Rata- rata generasi muda (baca: anak sekolah) pada masa itu yang menjadikan tokoh intelektual sebagai panutan mampu membuat mereka tumbuh menjadi manusia yang berkualitas. Tidak saja kualitas untuk kognitif, tetapi juga kualitas untuk sikap, prilaku, akhlak sampai kepada kualitas kecakapan hidup lainnya. Walau istilah quantum quotient- kepintaran berganda, belum dikenal saat itu namun dalam kenyataan mereka telah memiliki pribadi dengan kecerdasan berganda secara tak langsung. Maka tidak heran kalau rata- rata remaja- sebagai calon intelektuak saat itu mampu tumbuh menjadi orang yang sukses dan terpandang dalam masyarskat. Bukti itu masih terlihat bagi mereka yang berkarir pada tahun 1970 an dan 1980 an.

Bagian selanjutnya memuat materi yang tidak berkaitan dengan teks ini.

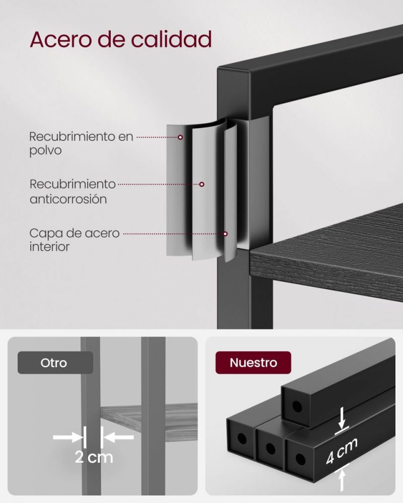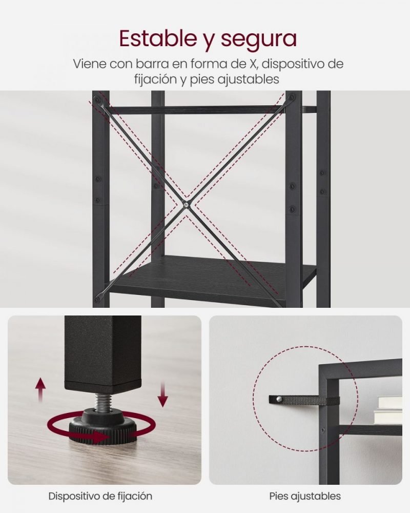 La estabilidad es clave en cualquier mueble, y esta librería lo tiene todo. Equipada con patas ajustables, se mantiene firme y recta incluso en superficies irregulares, mientras que su diseño en forma de X refuerza su capacidad para sostener hasta 50 kg. Es la combinación perfecta de belleza y fuerza, ofreciendo un soporte fiable para tu biblioteca personal.

Dapat dikatakan bahwa figur tokoh intelektual dan juga tokoh agama yang ada di Indonesia pada saat itu betul- betul memiliki kekuatan dan mampu memberikan model atau panutan bagi generasi muda pada masa itu. Suara, tulisan dan kehadiran mereka selalu ditunggu tunggu setiap saat. Dan juga menjadi tradisi bagi tokoh intelektual pada masa itu untuk banyak meleburkan diri dengan anak- anak muda. Mereka turun ke bawah, ke surau, ke langgar dan ke sekolah untuk menemui generasi muda atau orang- orang yang mengidolakan mereka. Mereka tidak sibuk meleburkan diri dengan proyek yang ujung- ujungnya untuk menebalkan dompet. Karena pada masa itu yang bernama proyek demi proyek memang juga jarang.

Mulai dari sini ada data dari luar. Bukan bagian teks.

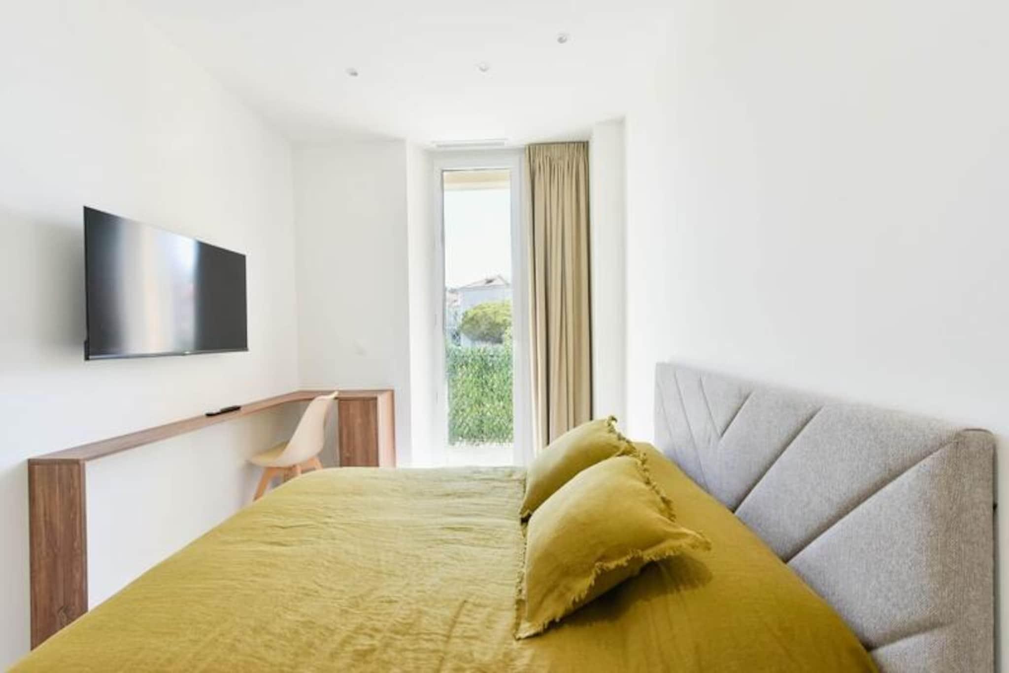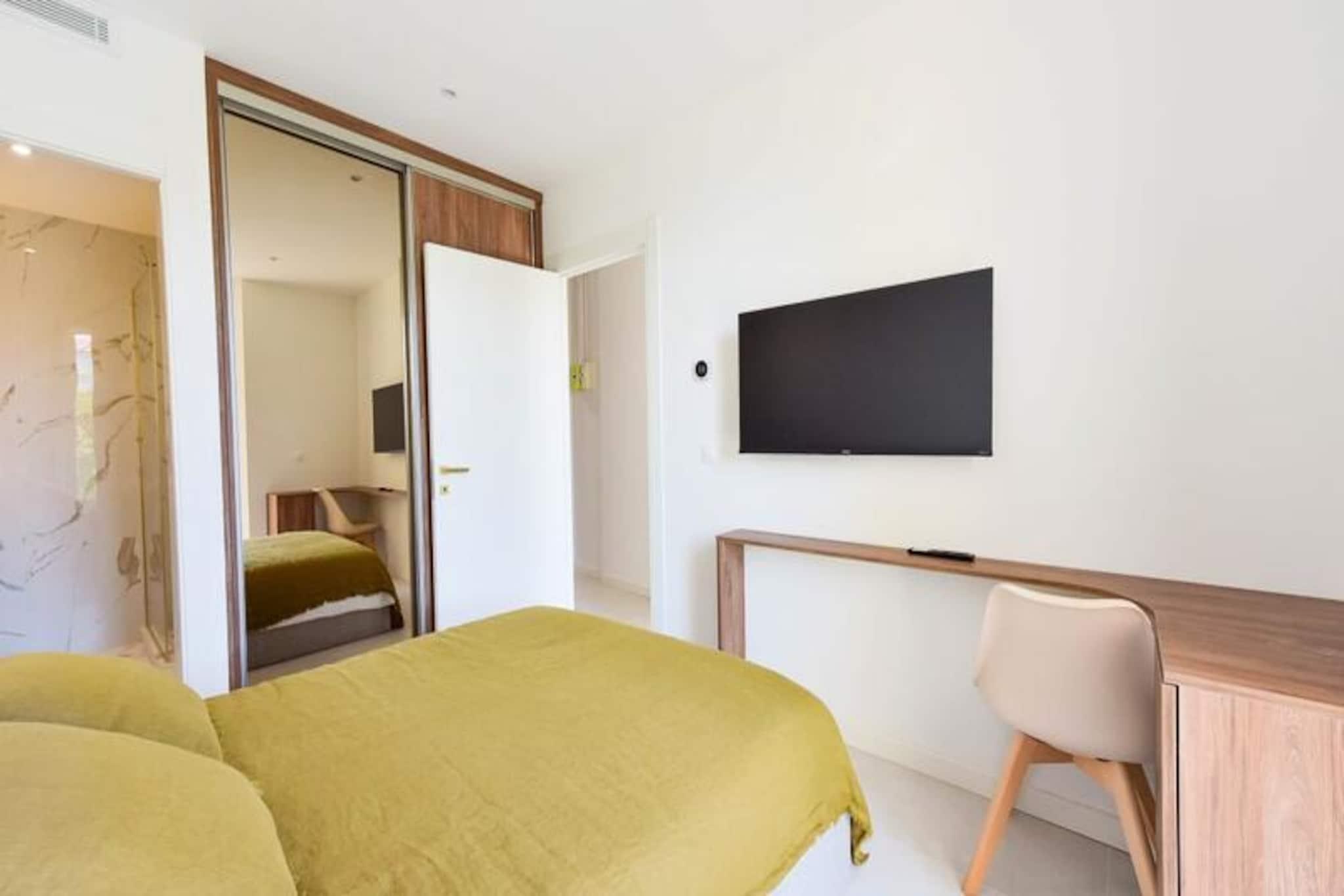 Træd ind i en verden af ??raffineret elegance og kystcharme med denne luksuriøse lejlighed på 128 m² i hjertet af Cannes. Kun 100 meter fra den ikoniske Croisette og dens gyldne strande tilbyder denne ejendom en rolig tilflugtssted, samtidig med at du holder dig tæt på byens pulserende puls. Forestil dig at vågne op til den blide middelhavsbrise, nippe til kaffe på din private balkon og slentre til det azurblå vand på få minutter. Uanset om du er her for fritid eller forretning, lover denne lejlighed et uforglemmeligt ophold i en af ??Frankrigs mest glamourøse destinationer. \n\nLejligheden er designet med både komfort og stil i tankerne og har tre soveværelser med eget badeværelse, hvert med eget brusebad, smart-tv og rigelig opbevaringsplads. Master-suiten kan prale af en kingsize-seng, et påklædningsværelse og et skrivebordsområde, perfekt til at slappe af eller indhente arbejdet. Den rummelige stue/spisestue er udsmykket med trægulve og loftslister, der problemfrit blander autentisk charme med moderne elegance. Et fuldt udstyret åbent køkken inviterer dig til at tilberede måltider med lethed, mens termoruder sikrer fredelige nætter. Med aircondition overalt og materialer af høj kvalitet, der er brugt i hver eneste detalje, er denne bolig en sand oase af luksus.\n\nLejligheden ligger for foden af ??Avenue de Madrid og tilbyder nem adgang til lokale faciliteter såsom bagerier, købmandsforretninger og caféer, alt sammen inden for gåafstand. Palais des Festivals ligger mindre end femten minutter væk, hvilket gør den ideel for dem, der deltager i arrangementer eller udforsker Cannes' kulturelle højdepunkter. Det historiske Suquet-distrikt med sine snoede gader og panoramaudsigt ligger kun en kort gåtur væk. For dem, der søger eventyr, ligger Nice Côte d'Azur Lufthavn kun 30 minutter i bil, og Cannes togstation er let tilgængelig.\n\nVælg denne lejlighed på grund af dens uovertrufne beliggenhed, udsøgte design og nærhed til alt, hvad Cannes har at byde på. Uanset om du er her for at nyde solen, nyde udsøgte restauranter eller deltage i begivenheder i verdensklasse, er denne ejendom din port til det bedste af den franske riviera.

Tokoh- tokoh intelektual ukuran lokal pun juga mempunyai arti bagi anak- anak muda pada masa itu. Mereka juga mempunyai andil atau peran lewat model atau figur yang mereka miliki untuk menggerakkan semangat, dan motivasi mereka untuk maju dan berkembang. Kultur yang tinggi dan karakter yang baik pada diri mereka mampu menular kepada generasi muda pada masa itu. Sehingga saat itu mungkin istilah tawuran masal dan istilah kenakalan remaja belum terdengar segenjar sekarang.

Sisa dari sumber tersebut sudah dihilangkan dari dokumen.